# AIM OF THE EXERCISE
The output should be the listing below, limited to the lines from the one with "Flexible Operation &" through the one with "Mei MACLEOD Girls", exact and without pictures.

---- GIVEN DATA

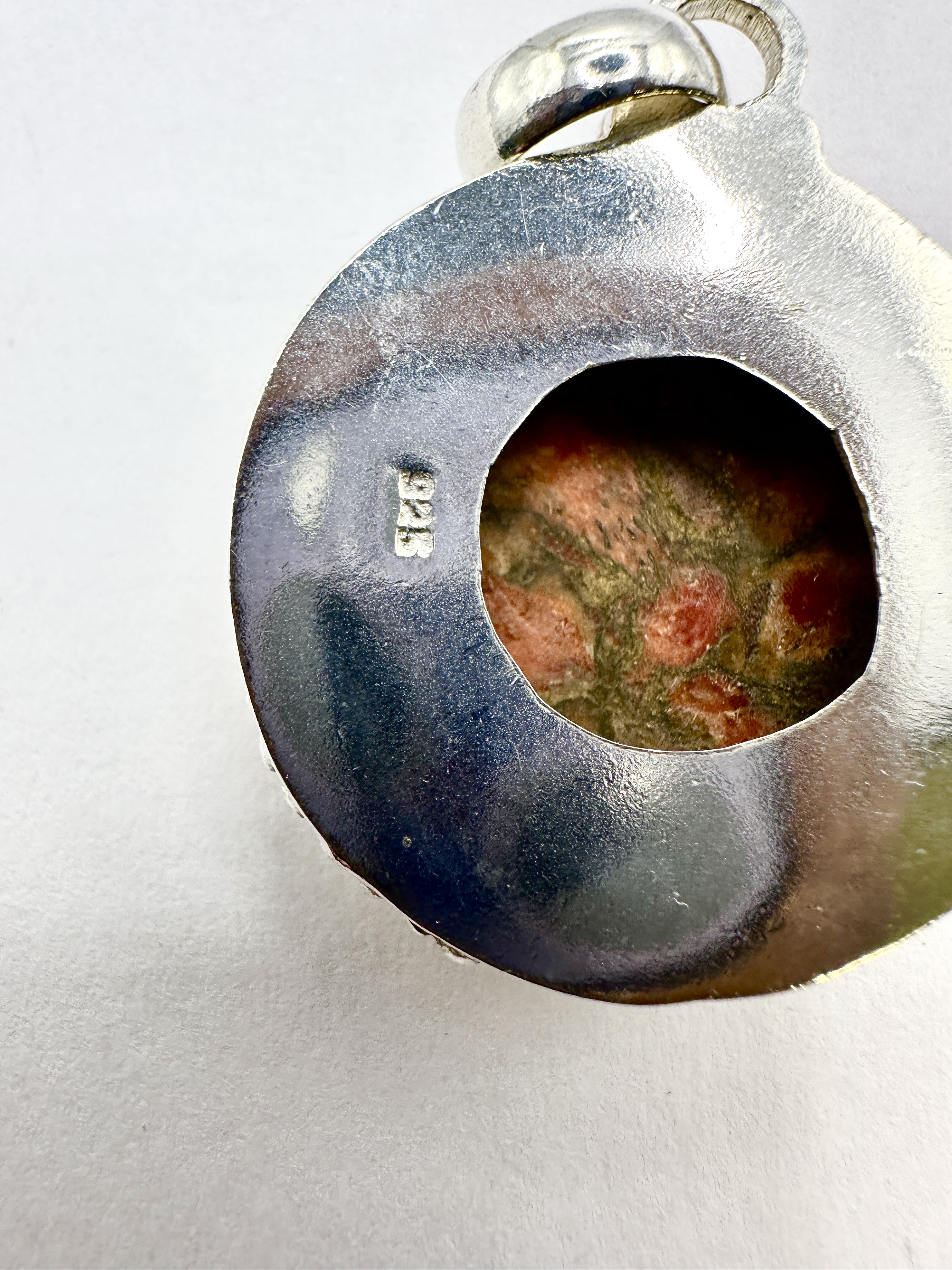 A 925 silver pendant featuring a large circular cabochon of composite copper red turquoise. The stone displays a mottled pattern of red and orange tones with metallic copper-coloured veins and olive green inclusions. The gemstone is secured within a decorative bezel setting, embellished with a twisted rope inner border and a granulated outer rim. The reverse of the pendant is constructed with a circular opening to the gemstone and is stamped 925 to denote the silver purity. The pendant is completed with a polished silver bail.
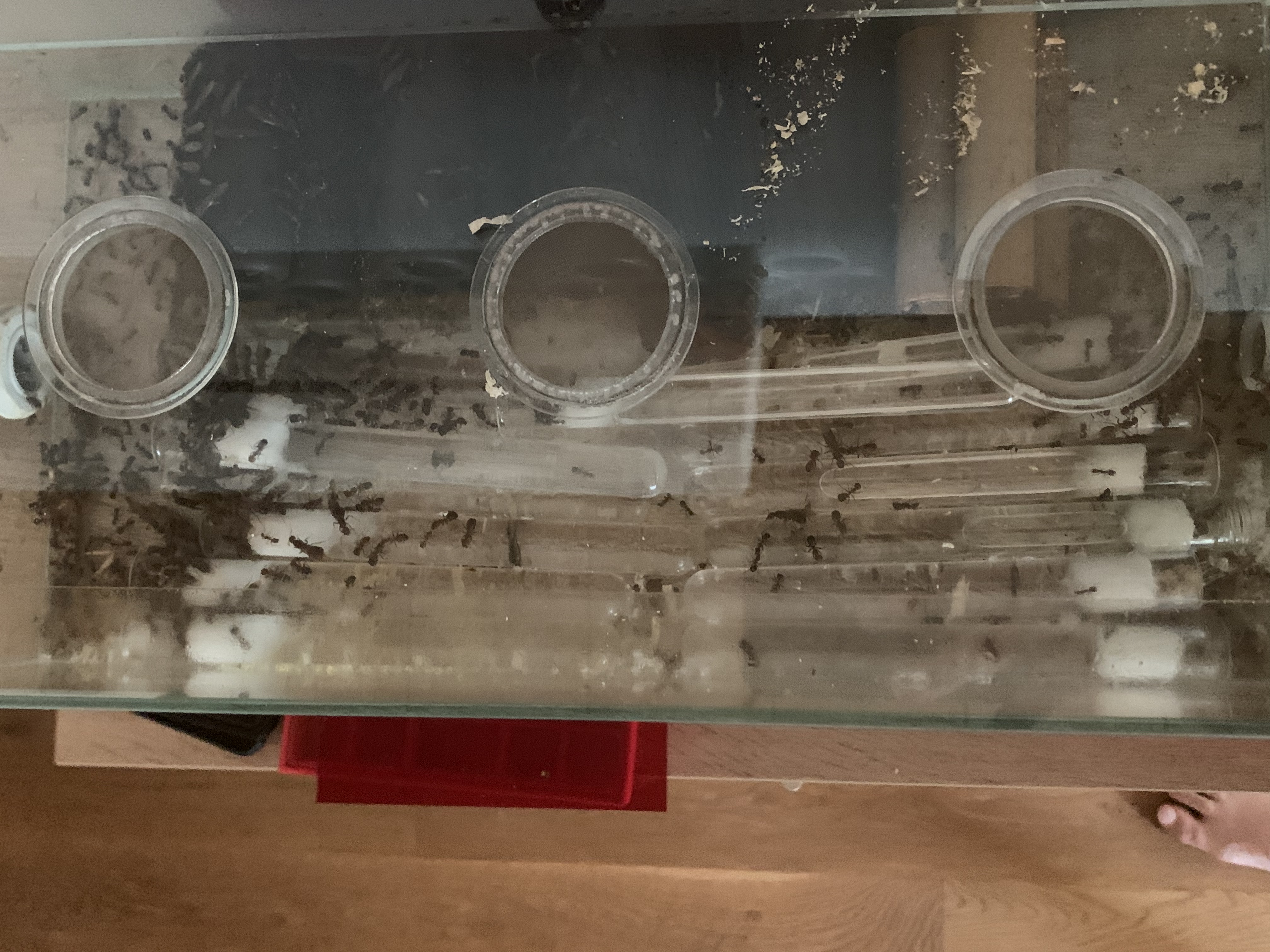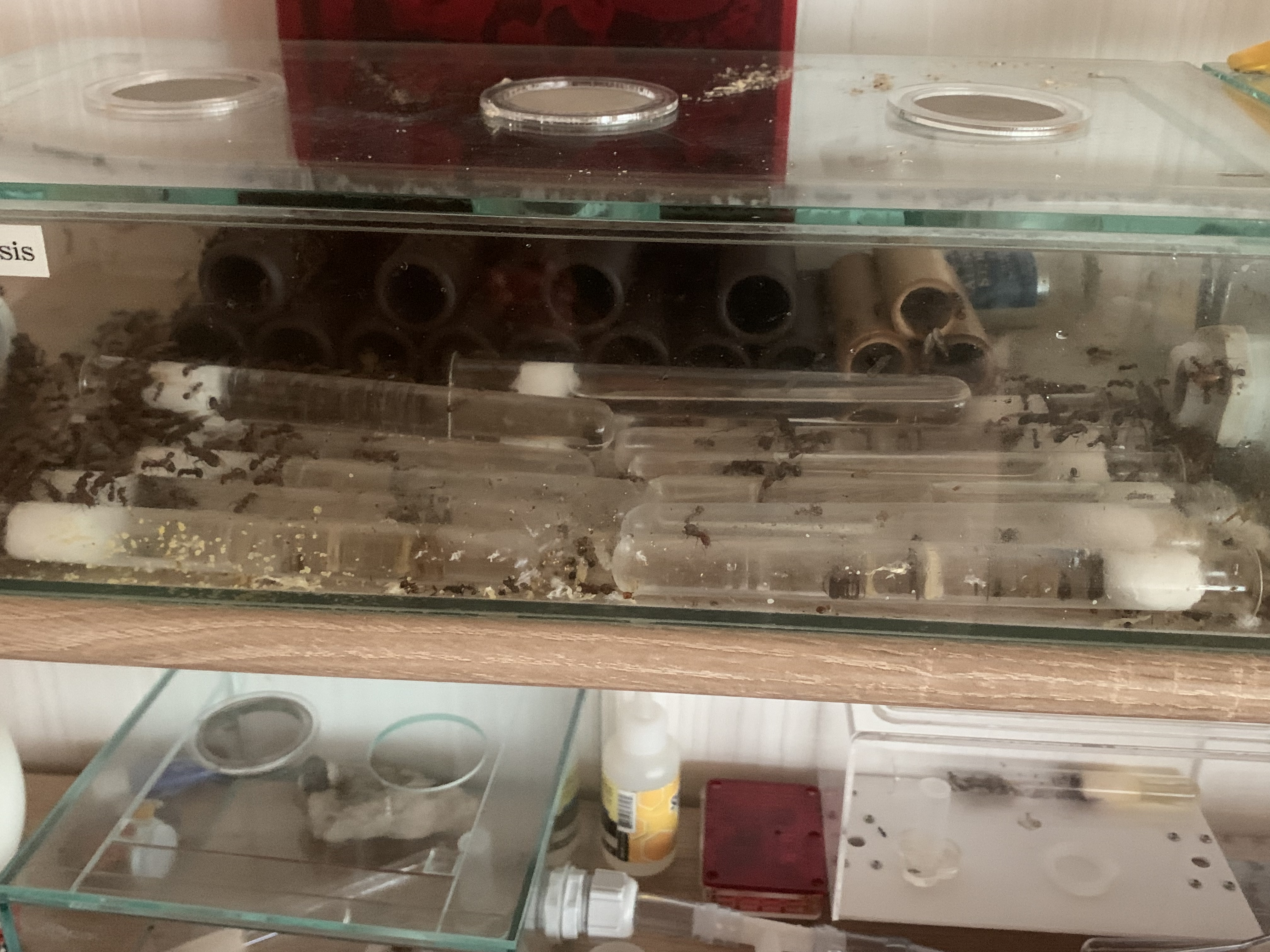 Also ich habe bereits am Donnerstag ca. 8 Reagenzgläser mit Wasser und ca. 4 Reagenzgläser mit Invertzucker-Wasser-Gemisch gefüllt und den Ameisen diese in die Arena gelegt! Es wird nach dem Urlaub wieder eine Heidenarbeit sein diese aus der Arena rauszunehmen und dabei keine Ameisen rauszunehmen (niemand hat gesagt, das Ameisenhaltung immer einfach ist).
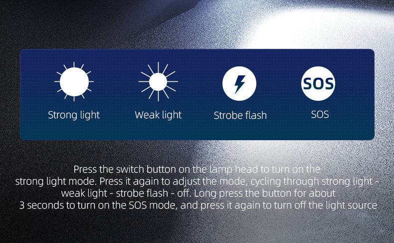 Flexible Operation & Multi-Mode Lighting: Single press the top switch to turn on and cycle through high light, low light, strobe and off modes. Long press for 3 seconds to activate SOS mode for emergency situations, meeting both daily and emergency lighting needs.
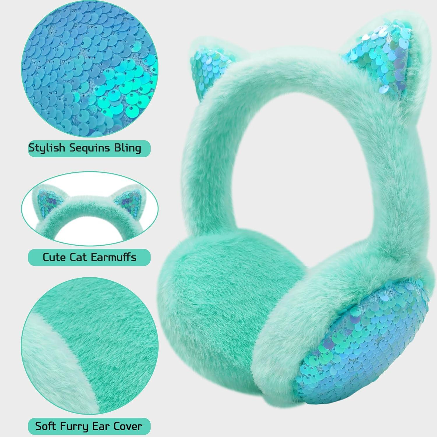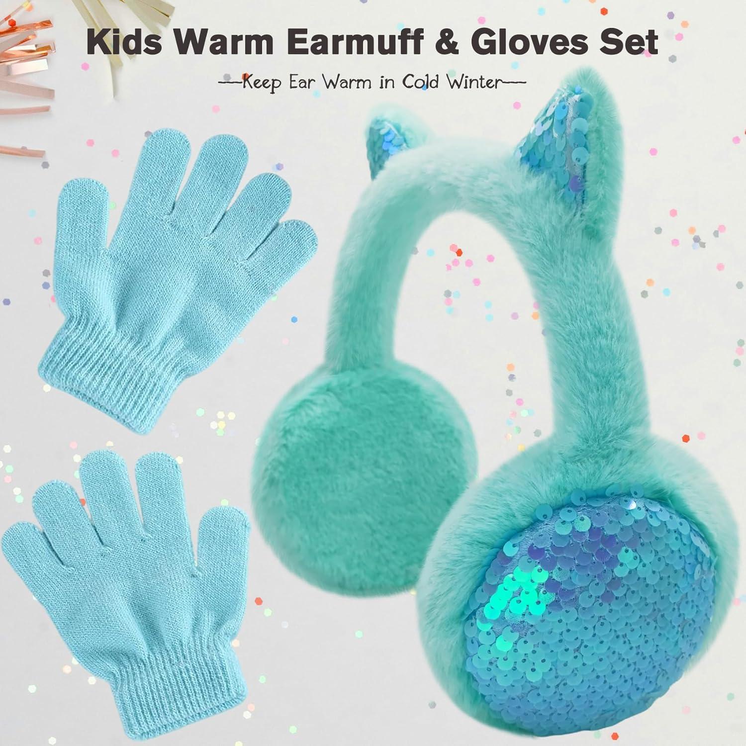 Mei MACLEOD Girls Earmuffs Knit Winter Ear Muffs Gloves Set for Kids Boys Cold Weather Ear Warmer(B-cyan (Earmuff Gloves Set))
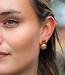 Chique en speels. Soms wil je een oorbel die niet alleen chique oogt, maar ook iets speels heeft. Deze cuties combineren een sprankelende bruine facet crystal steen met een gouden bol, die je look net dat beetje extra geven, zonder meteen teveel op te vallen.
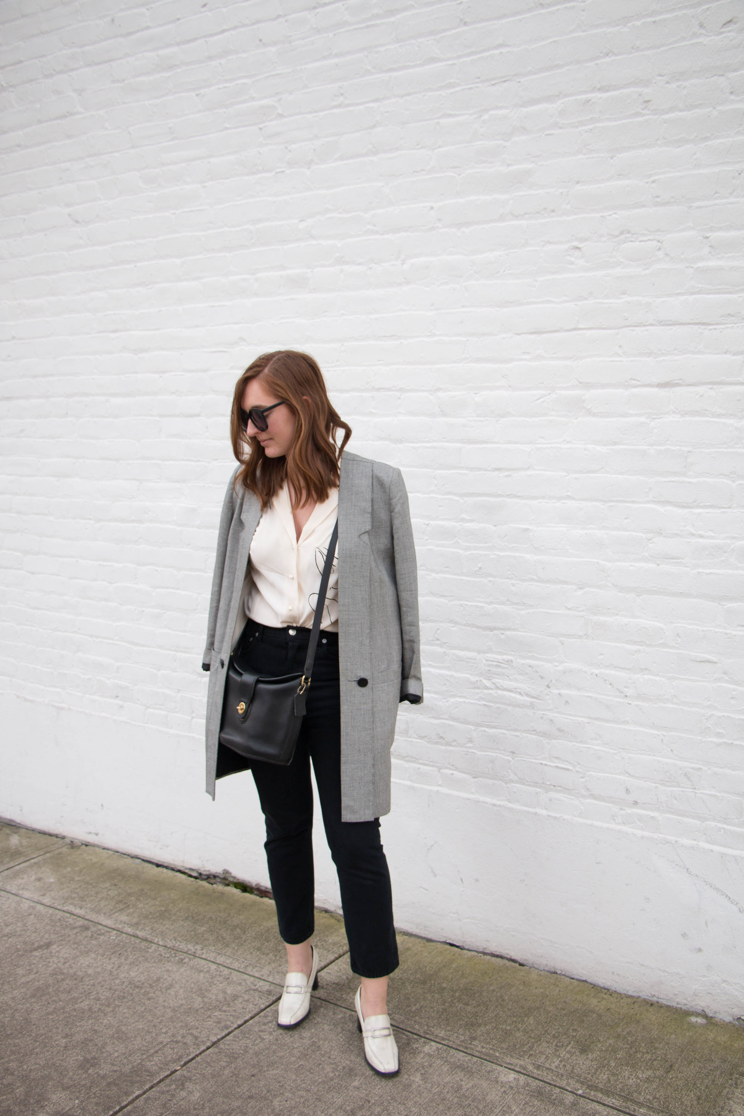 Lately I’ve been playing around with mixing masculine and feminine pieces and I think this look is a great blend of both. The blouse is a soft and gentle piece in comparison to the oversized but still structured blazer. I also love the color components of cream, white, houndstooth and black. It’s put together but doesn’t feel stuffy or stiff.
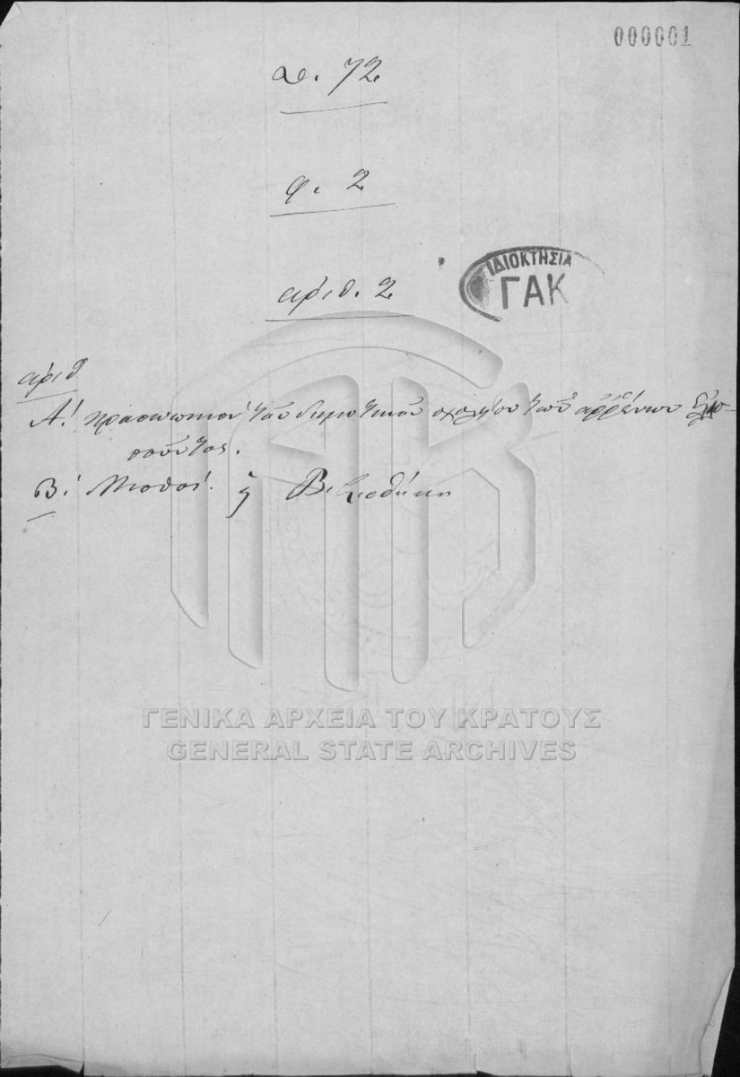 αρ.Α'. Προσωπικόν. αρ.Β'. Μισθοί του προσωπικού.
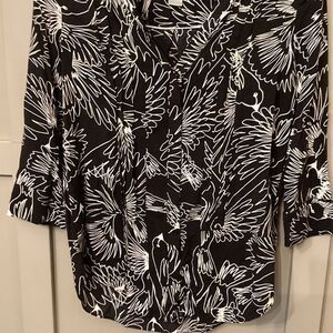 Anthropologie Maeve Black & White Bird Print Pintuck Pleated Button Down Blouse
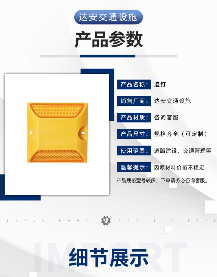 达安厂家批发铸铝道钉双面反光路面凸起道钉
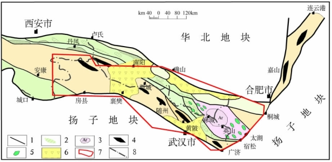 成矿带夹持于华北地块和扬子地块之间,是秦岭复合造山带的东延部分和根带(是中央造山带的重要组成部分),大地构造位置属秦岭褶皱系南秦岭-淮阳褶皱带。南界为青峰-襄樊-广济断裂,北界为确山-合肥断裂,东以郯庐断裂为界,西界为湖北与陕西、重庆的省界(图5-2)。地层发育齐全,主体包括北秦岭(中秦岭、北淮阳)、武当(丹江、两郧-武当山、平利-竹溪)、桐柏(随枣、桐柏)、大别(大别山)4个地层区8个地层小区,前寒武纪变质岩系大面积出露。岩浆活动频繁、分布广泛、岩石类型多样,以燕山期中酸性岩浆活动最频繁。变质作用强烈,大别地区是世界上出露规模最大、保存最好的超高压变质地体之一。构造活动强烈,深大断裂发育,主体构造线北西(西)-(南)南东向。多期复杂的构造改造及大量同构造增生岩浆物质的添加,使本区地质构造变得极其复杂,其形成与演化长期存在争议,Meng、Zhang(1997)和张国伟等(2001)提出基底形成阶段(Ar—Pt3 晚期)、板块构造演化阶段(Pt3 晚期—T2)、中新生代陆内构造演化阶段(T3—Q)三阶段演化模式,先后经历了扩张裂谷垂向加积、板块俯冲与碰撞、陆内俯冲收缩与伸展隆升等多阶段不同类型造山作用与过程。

--------

# TASK OUTPUT
 Flexible Operation & Multi-Mode Lighting: Single press the top switch to turn on and cycle through high light, low light, strobe and off modes. Long press for 3 seconds to activate SOS mode for emergency situations, meeting both daily and emergency lighting needs.
 Mei MACLEOD Girls Earmuffs Knit Winter Ear Muffs Gloves Set for Kids Boys Cold Weather Ear Warmer(B-cyan (Earmuff Gloves Set))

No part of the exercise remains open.